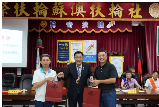
七月份出席獎得獎者：PP. EN 及 Water
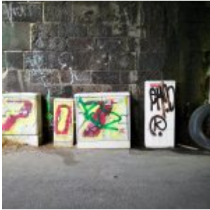
Kästen unter der Brücke
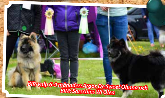
BIR-valp 6-9 månader: Argos De Sweet Ohana och BIM: Sorschies Wi Olea
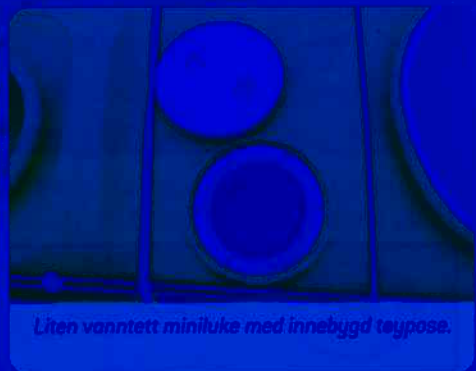
Liten vanntett miniluke med innebygd teypose.
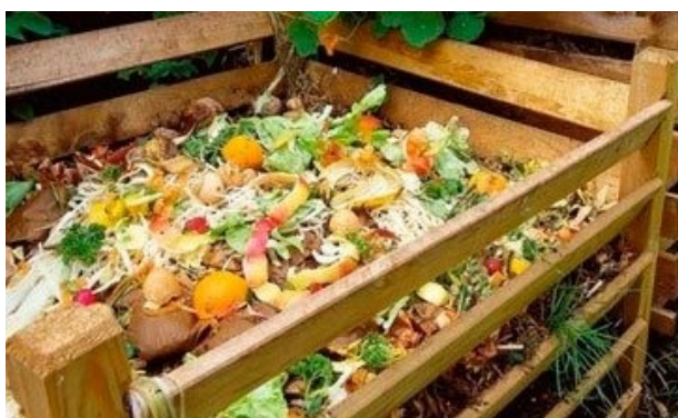
Slika 4.1. Sirovi kompost

Zaključno, u procesu kompostiranja ima podosta čimbenika i popratnih efekata koji ubrzavaju ili usporavaju sam proces, ali može se reći da je vrijeme ključni čimbenik koje definira zrelost komposta.
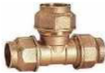
TE BOCA IGUAL LATÃO
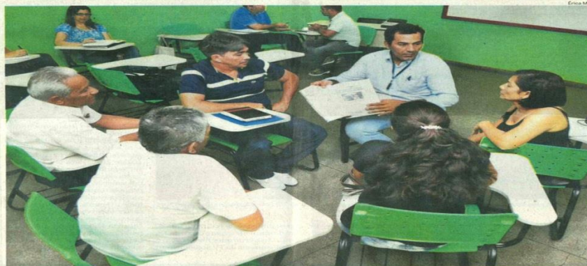
Representantes de organizações da sociedade civil se reuniram em Manaus com auditores da Secretaria de Controle Interno da Presidência da República

Em Manaus, as obras do Monumentillo e do BRT não vão mais ser concluídas antes da Copa de 2014. Mas tanto o Governo do Estado quanto a Prefeitura de Manaus, respectivamente, garantem
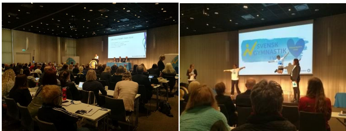
Foto: Bilder från Förbundsmötet i Malmö.
-------------------------
_EXERCISE AIM_. Word for word, restate the material above; do not carry over the pictures.

_RESPONSE_.
七月份出席獎得獎者：PP. EN 及 Water
Kästen unter der Brücke
BIR-valp 6-9 månader: Argos De Sweet Ohana och BIM: Sorschies Wi Olea
Liten vanntett miniluke med innebygd teypose.
Slika 4.1. Sirovi kompost

Zaključno, u procesu kompostiranja ima podosta čimbenika i popratnih efekata koji ubrzavaju ili usporavaju sam proces, ali može se reći da je vrijeme ključni čimbenik koje definira zrelost komposta.
TE BOCA IGUAL LATÃO
Representantes de organizações da sociedade civil se reuniram em Manaus com auditores da Secretaria de Controle Interno da Presidência da República

Em Manaus, as obras do Monumentillo e do BRT não vão mais ser concluídas antes da Copa de 2014. Mas tanto o Governo do Estado quanto a Prefeitura de Manaus, respectivamente, garantem
Foto: Bilder från Förbundsmötet i Malmö.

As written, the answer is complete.